* **What you have to do**
Set down, exactly and only, everything from the line containing "A GEORGE II" down to the line containing "Смеситель кухонный с" in the data below; the pictures are not part of the copy.

* **Information**
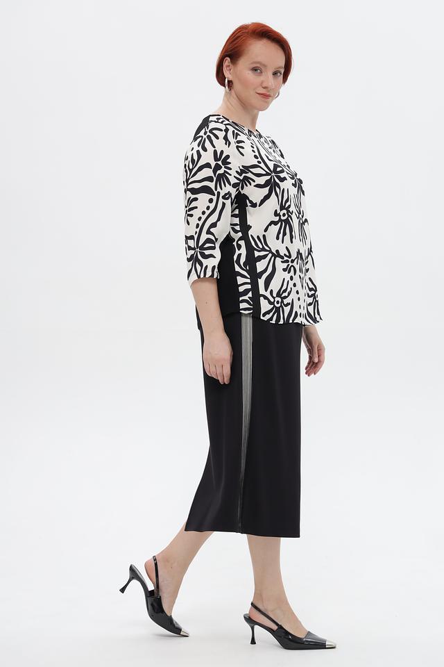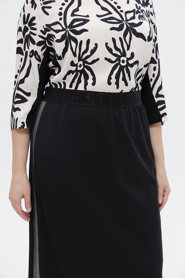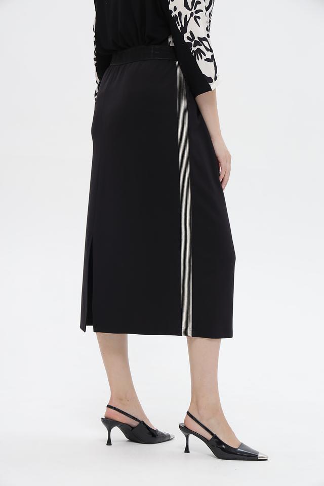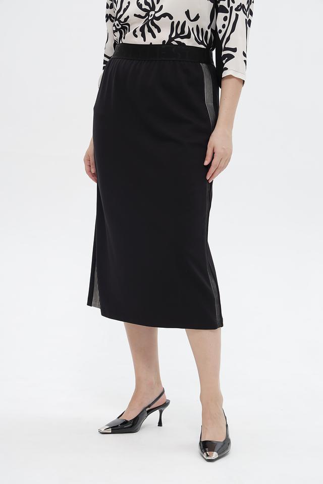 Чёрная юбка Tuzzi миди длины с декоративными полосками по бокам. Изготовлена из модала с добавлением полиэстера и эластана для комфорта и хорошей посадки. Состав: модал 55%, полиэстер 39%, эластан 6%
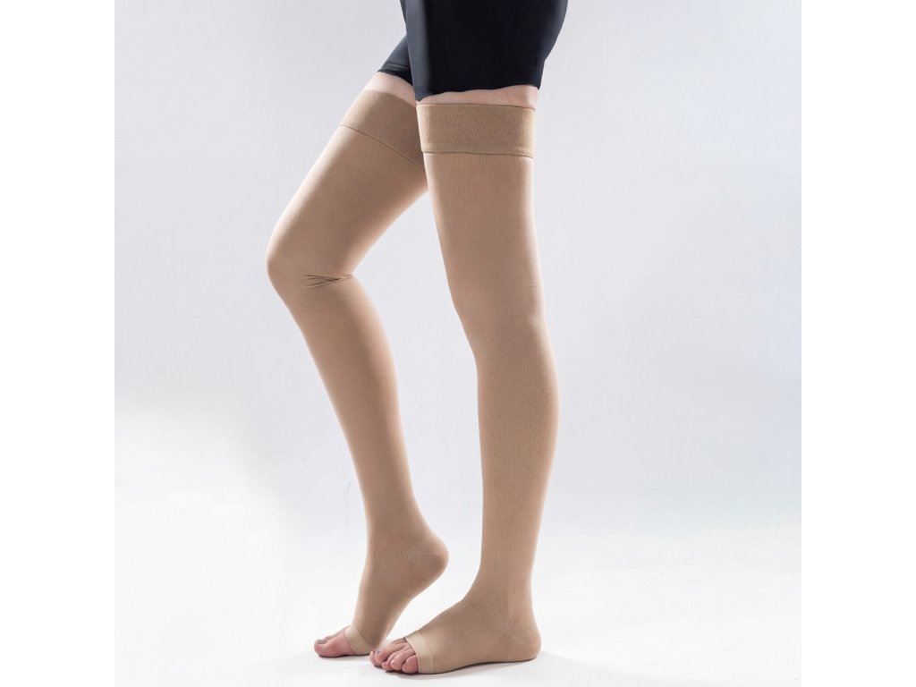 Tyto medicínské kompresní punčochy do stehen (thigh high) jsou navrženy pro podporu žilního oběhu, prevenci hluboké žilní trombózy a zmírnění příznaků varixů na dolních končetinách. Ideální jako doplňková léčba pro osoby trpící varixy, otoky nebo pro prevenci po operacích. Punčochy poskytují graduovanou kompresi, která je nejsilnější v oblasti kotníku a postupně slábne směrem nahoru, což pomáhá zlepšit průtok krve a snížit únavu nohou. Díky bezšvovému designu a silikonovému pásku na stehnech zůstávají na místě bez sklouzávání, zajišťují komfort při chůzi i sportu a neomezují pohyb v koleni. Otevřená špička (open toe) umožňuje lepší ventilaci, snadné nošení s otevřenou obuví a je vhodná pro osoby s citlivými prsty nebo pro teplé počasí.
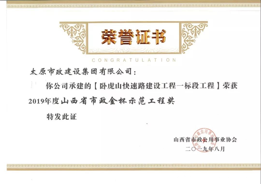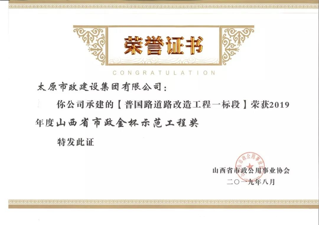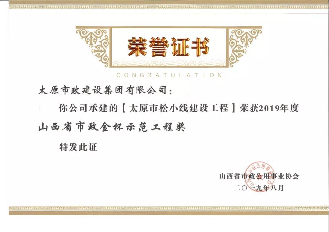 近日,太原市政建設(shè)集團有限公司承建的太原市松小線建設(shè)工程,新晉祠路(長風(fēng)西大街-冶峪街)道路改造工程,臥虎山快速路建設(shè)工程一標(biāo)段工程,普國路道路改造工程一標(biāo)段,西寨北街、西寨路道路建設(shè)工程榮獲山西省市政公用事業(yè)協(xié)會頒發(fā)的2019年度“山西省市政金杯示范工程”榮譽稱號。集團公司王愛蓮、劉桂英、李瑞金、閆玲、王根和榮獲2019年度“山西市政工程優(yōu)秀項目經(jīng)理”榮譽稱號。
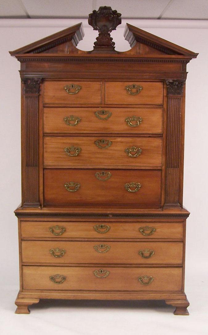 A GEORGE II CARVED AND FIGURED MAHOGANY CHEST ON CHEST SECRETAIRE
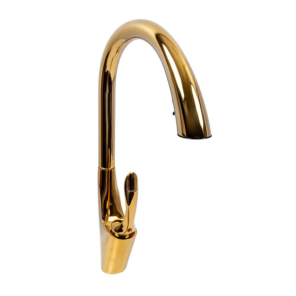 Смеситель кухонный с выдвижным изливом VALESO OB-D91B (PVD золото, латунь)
--
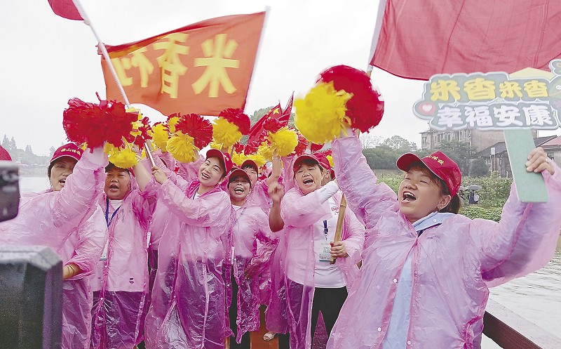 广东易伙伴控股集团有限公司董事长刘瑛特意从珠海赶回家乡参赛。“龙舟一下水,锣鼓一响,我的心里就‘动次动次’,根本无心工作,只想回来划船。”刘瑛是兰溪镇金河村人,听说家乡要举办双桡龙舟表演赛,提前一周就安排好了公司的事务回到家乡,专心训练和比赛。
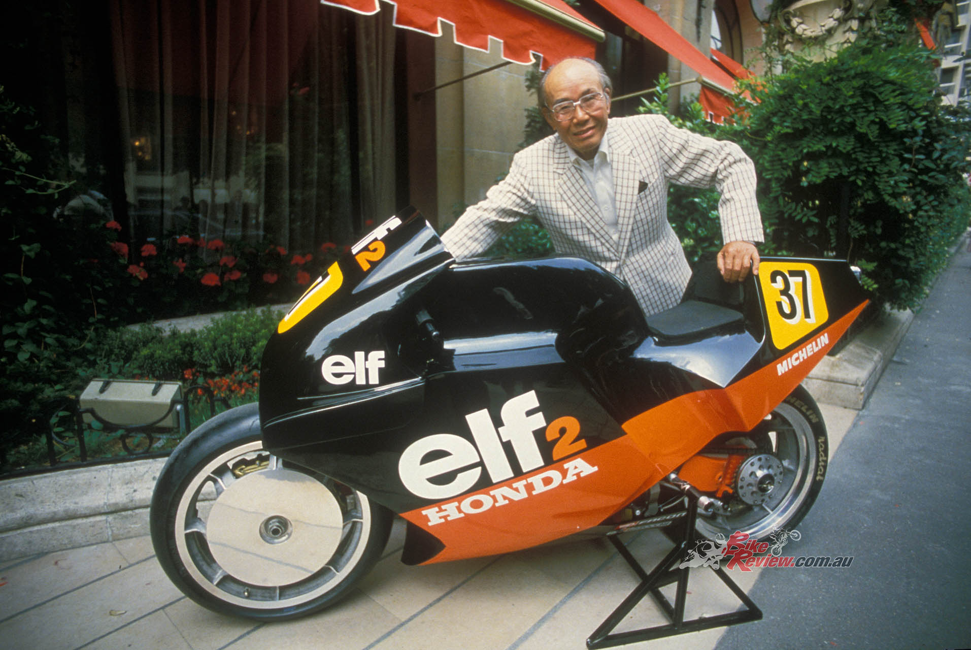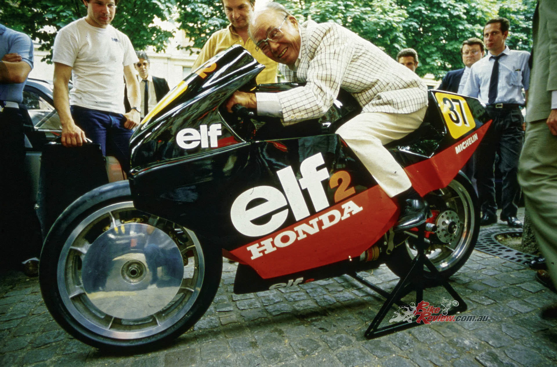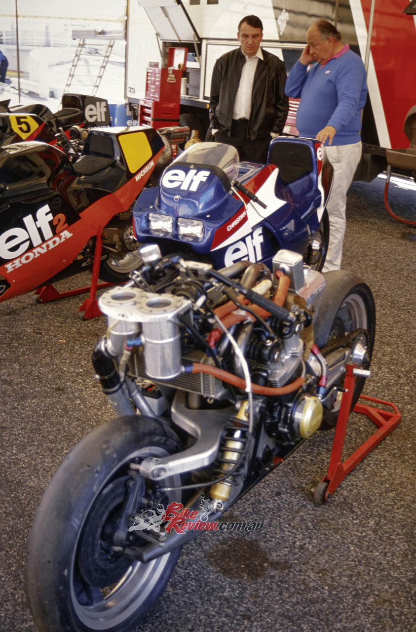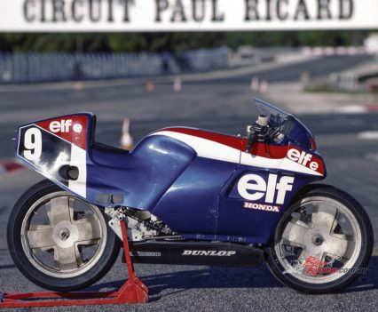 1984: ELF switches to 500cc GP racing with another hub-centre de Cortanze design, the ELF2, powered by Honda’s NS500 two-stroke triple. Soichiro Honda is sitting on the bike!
---
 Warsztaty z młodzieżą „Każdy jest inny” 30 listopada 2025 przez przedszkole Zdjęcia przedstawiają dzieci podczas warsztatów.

* **Expected answer**
 A GEORGE II CARVED AND FIGURED MAHOGANY CHEST ON CHEST SECRETAIRE
 Смеситель кухонный с выдвижным изливом VALESO OB-D91B (PVD золото, латунь)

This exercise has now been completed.